| PROBLEM REQUIREMENTS |
Copy down every line of the data that follows exactly. Omit the pictures.

====================

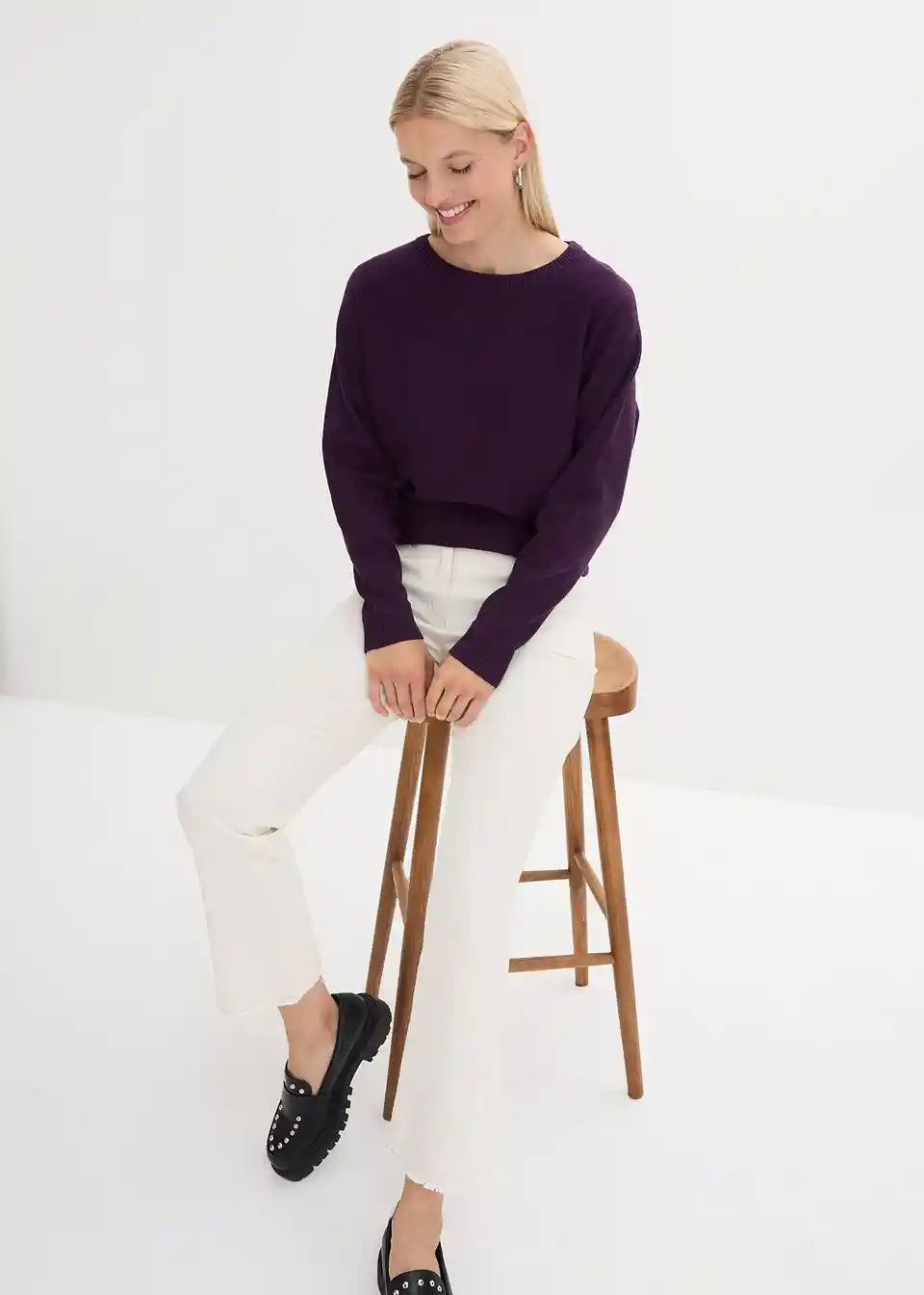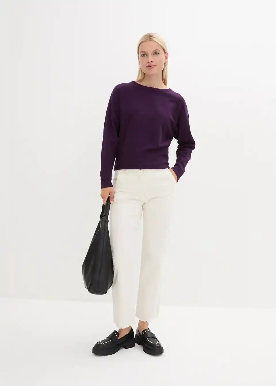 Ležeran pulover s šišmiš rukavima i rebrastim obrubima
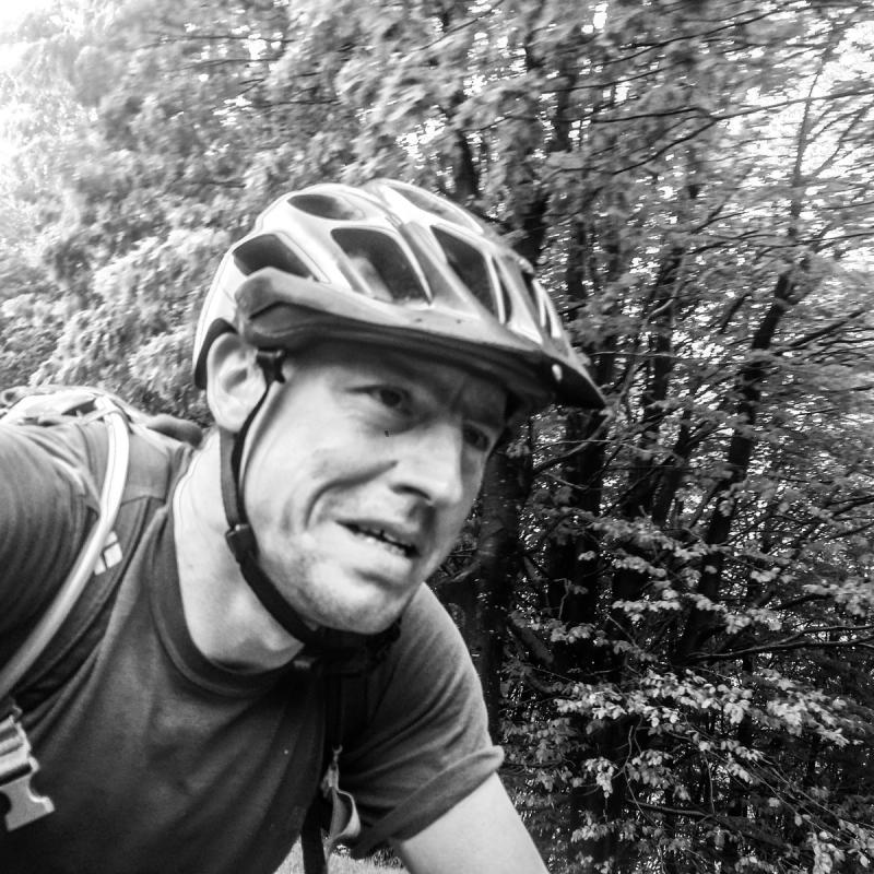 I had made it 20 meters or so when the figure shot out of the woods, flew down the road towards me and took the drop onto the gravel track, landing both wheels at the same time (nice) and leaving a cloud of debris behind her. Kate shot straight past me with a slightly hysterical laugh (think joker) that carried on as she disappeared around be next bend.
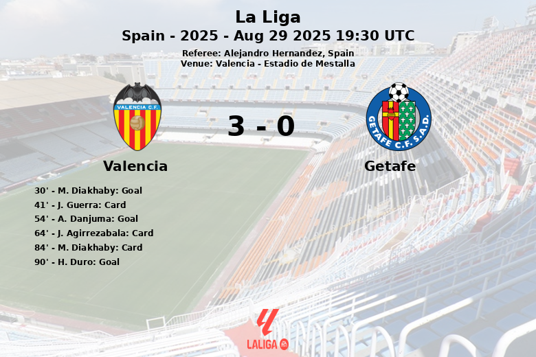The match continued with some interruptions and moments of tension, including a yellow card for J. Agirrezabala and M. Diakhaby of Valencia. In stoppage time, H. Duro sealed the victory for Valencia with a goal in the 90th minute, assisted by L. Ramazani, leaving the final result in favor of the home side. Despite the 8 corners earned by Valencia and 6 by Getafe, it was the effectiveness in the area that made the difference in the match.
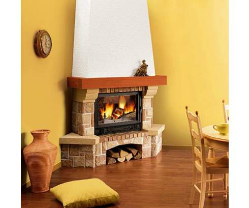 Эффектный угловой камин в стиле кантри будет незаменим с приближением холодов. Модель Parvelle выполнена из разноцветного бута и песчаника грубой обработки. Крупная верхняя балка сделана из натурального дерева Ироко. В нижней части камина расположена декоративная ниша, может использоваться для хранения дров.
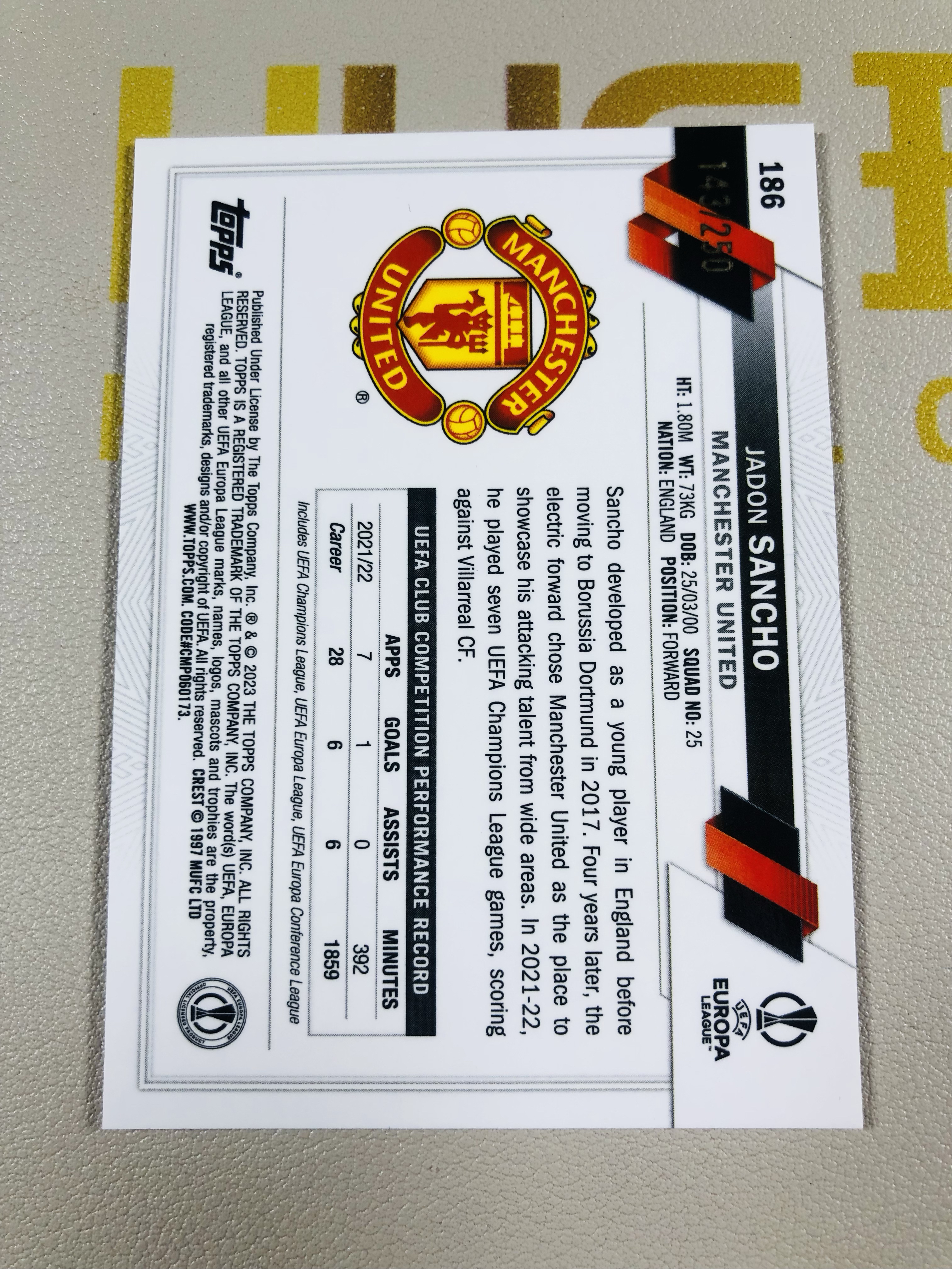 2023 Topps Chrome Jadon Sancho 欧冠 Chrome 曼联 桑乔 143/250编 单卡低于10元无卡夹介意勿拍 磁铁1118

====================

| YOUR RESPONSE |
 Ležeran pulover s šišmiš rukavima i rebrastim obrubima
 I had made it 20 meters or so when the figure shot out of the woods, flew down the road towards me and took the drop onto the gravel track, landing both wheels at the same time (nice) and leaving a cloud of debris behind her. Kate shot straight past me with a slightly hysterical laugh (think joker) that carried on as she disappeared around be next bend.
The match continued with some interruptions and moments of tension, including a yellow card for J. Agirrezabala and M. Diakhaby of Valencia. In stoppage time, H. Duro sealed the victory for Valencia with a goal in the 90th minute, assisted by L. Ramazani, leaving the final result in favor of the home side. Despite the 8 corners earned by Valencia and 6 by Getafe, it was the effectiveness in the area that made the difference in the match.
 Эффектный угловой камин в стиле кантри будет незаменим с приближением холодов. Модель Parvelle выполнена из разноцветного бута и песчаника грубой обработки. Крупная верхняя балка сделана из натурального дерева Ироко. В нижней части камина расположена декоративная ниша, может использоваться для хранения дров.
 2023 Topps Chrome Jadon Sancho 欧冠 Chrome 曼联 桑乔 143/250编 单卡低于10元无卡夹介意勿拍 磁铁1118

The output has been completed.